Cost-effectiveness of PET in the diagnosis of Alzheimer disease

Radiology. 2003 Aug;228(2):515-22. doi: 10.1148/radiol.2282020915. Epub 2003 Jun 11.

Abstract

Purpose: To evaluate the cost-effectiveness of positron emission tomography (PET) in the diagnosis of Alzheimer disease (AD) in community-dwelling patients with mild or moderate dementia who present to specialized AD centers.

Materials and methods: A decision-analytic model was used to compare costs and quality-adjusted life years (QALYs) associated with strategies involving single photon emission computed tomography (SPECT), dynamic susceptibility-weighted contrast material-enhanced magnetic resonance (MR) imaging, and PET as functional imaging adjuncts to the standard clinical work-up. Sensitivity analyses were performed to examine changes in test characteristics, health-related quality-of-life survey instruments, therapeutic effectiveness, and treatment rules.
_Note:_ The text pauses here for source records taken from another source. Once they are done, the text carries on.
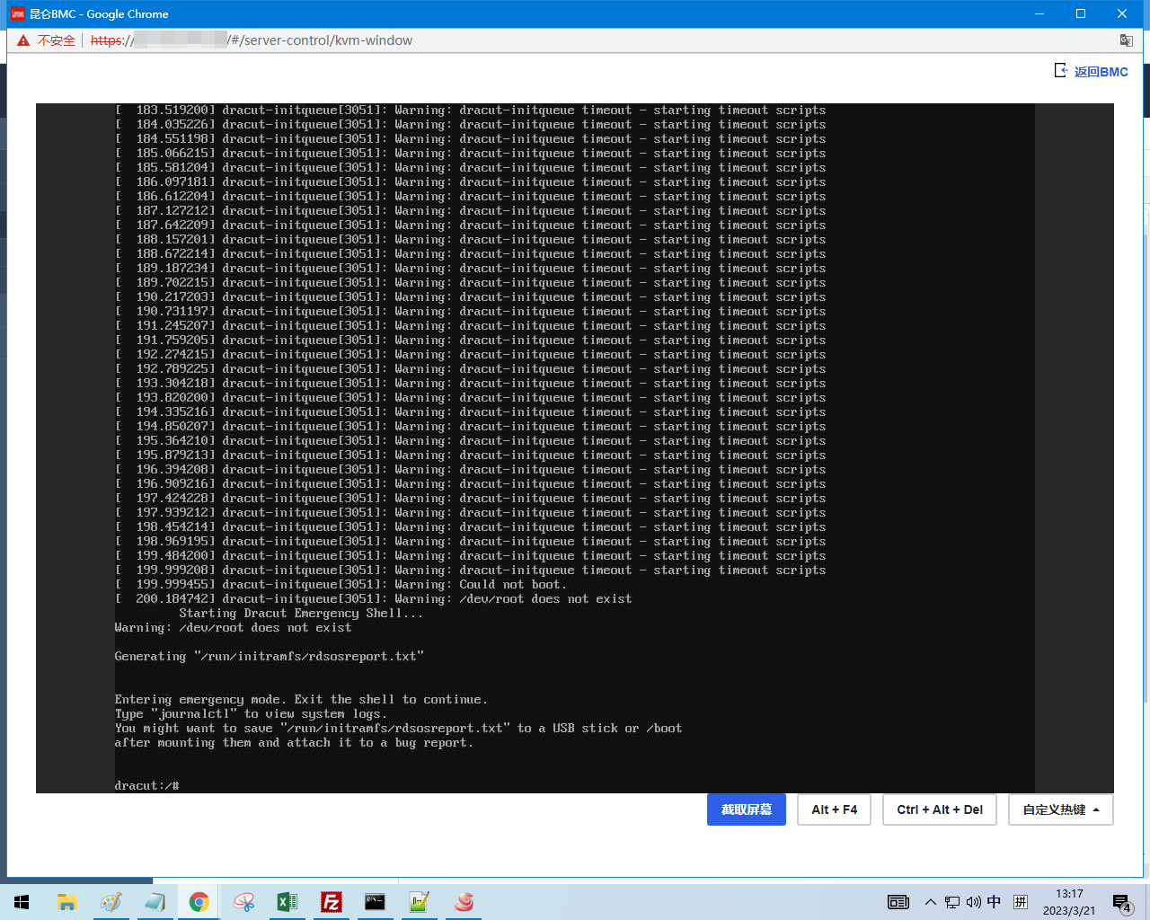 找不到 /dev/root 的原因为 initramfs 无 txgbe 网卡驱动,导致无法连接网络获取 squashfs.img ,最终导致 squashfs.img 无法挂载,安装镜像无法继续启动。
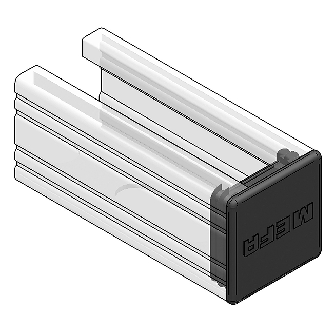 Die Schutzkappe 45/40 in schwarz für Profilschienen schützt die Enden der Schienen vor Staub, Feuchtigkeit und mechanischen Beschädigungen und sorgt für eine sichere und saubere Installation.
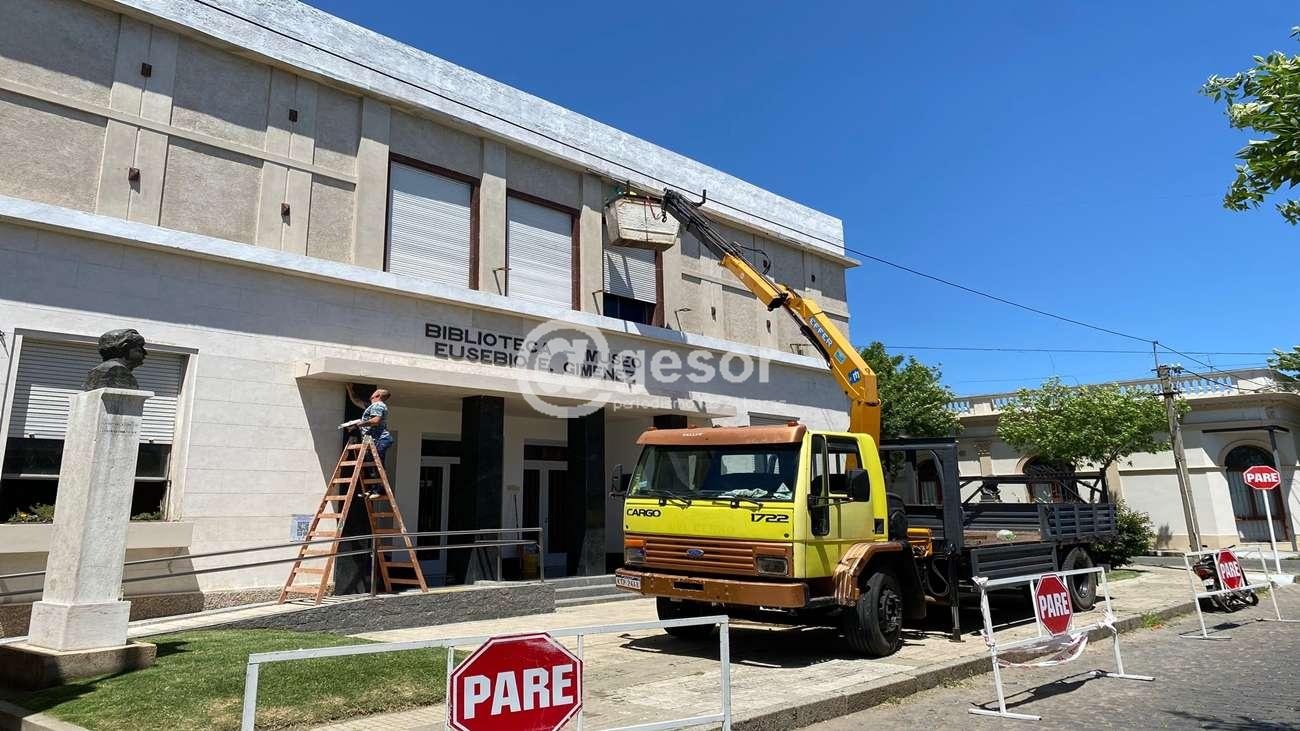 El departamento de Arquitectura de la Intendencia de Soriano realiza varios trabajos de mantenimiento en la infraestructura edilicia de la biblioteca “Eusebio Giménez”.
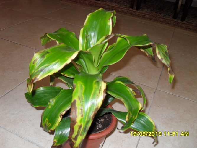 הצמח האחרון הוא אחד מזני הדרקונית (Dracaena deremensis), אולי הזן 'למון ליים'. מצבו רע מאוד ויש לי ספק גדול אם ניתן להצילו. נפגע על ידי מחלת ריקבון השורש, קרוב לודאי עקב השקית יתר. צמח זה משקים רק מעת לעת כאשר פני המצע (עד לעומק של מפרק אחד של האצבע) חשים יבשים. השקיה רק במים רכים (מים מזוקקים, מי מזגן לאחר שהגיעו לטמפ' החדר, או מי גשמים). סלקי את הצמח עם העציץ, או סלקי את הצמח ואת העציץ רחצי היטב וחטאי באקונומיקה לפני שימוש חוזר. רכשי צמח חדש והקפידי על הוראות הטיפול הנלוות אליו.
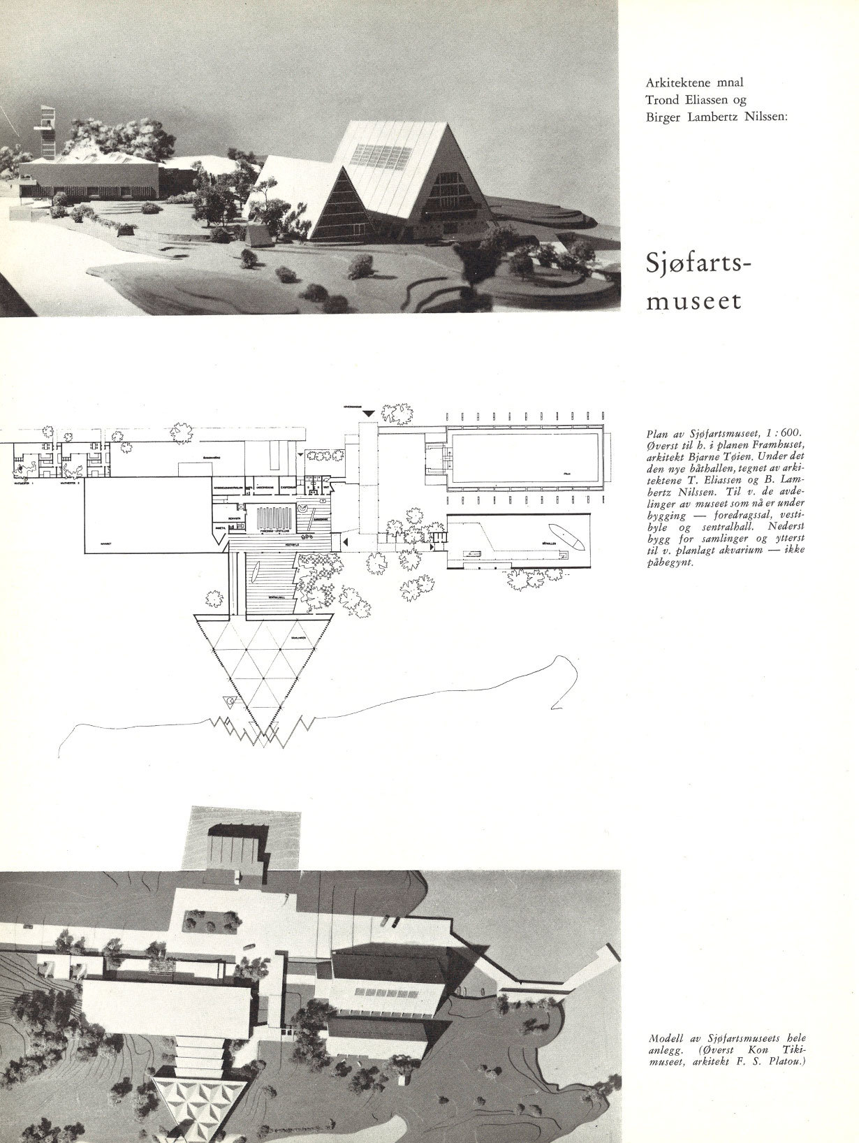 Plan og modellfoto av Sjøfartsmuseet. Planen viser også Framhuset av Bjarne Tøien, Kon Tiki-museet av
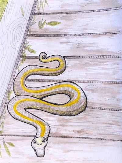 Ribbon Snake ~ Mikel Alian ~ Watercolor and Pen ~ 5.5×8.5 ~ $50 ~ This Eastern Ribbon Snake was hanging on the boardwalk near the Great Swamp. These snakes are semi-aquatic and often hang near a shoreline, a reminder to appreciate life in liminal spaces. Click here to buy.
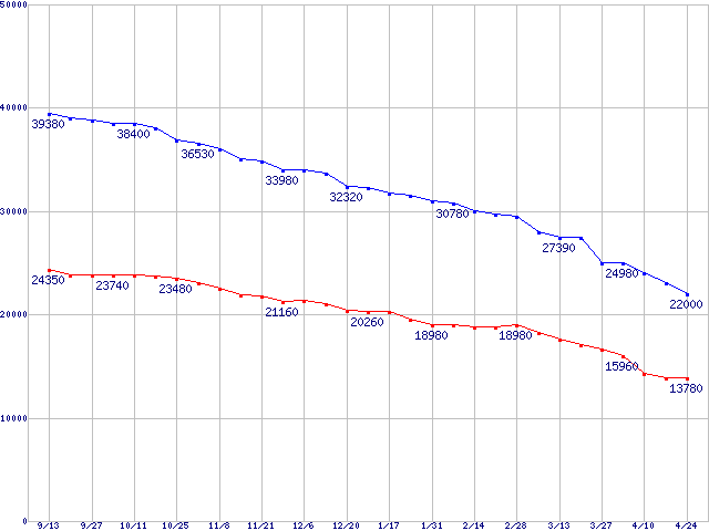 Deskstar P7K500 (7200rpm,SATA 3Gb/s)の最安値推移
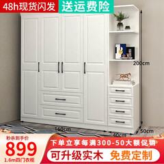 ¥786.00森普顿 衣柜卧室平开门衣柜木质组合现代简易简约板式家用柜子收纳衣橱 四门衣柜(160*50*180cm)

Results: The use of PET to confirm the results of the standard clinical work-up cost more but yielded fewer benefits than a strategy in which dynamic susceptibility-weighted contrast-enhanced MR imaging was substituted for the typically performed structural computed tomography. This relationship remained stable in scenarios in which standard diagnostic work-up accuracy, drug treatment effectiveness, and version of the Health Utilities Index were altered. Dynamic susceptibility-weighted contrast-enhanced MR imaging cost US dollars 598800 per QALY gained (range, US dollars 74400 to US dollars 1.9 million per QALY), compared with the cost of the standard diagnostic work-up. Treating all patients with dementia was the dominant imaging strategy, except when side effects in patients with non-AD-related dementia were modeled. In all scenarios, SPECT yielded fewer benefits than other strategies at a higher cost.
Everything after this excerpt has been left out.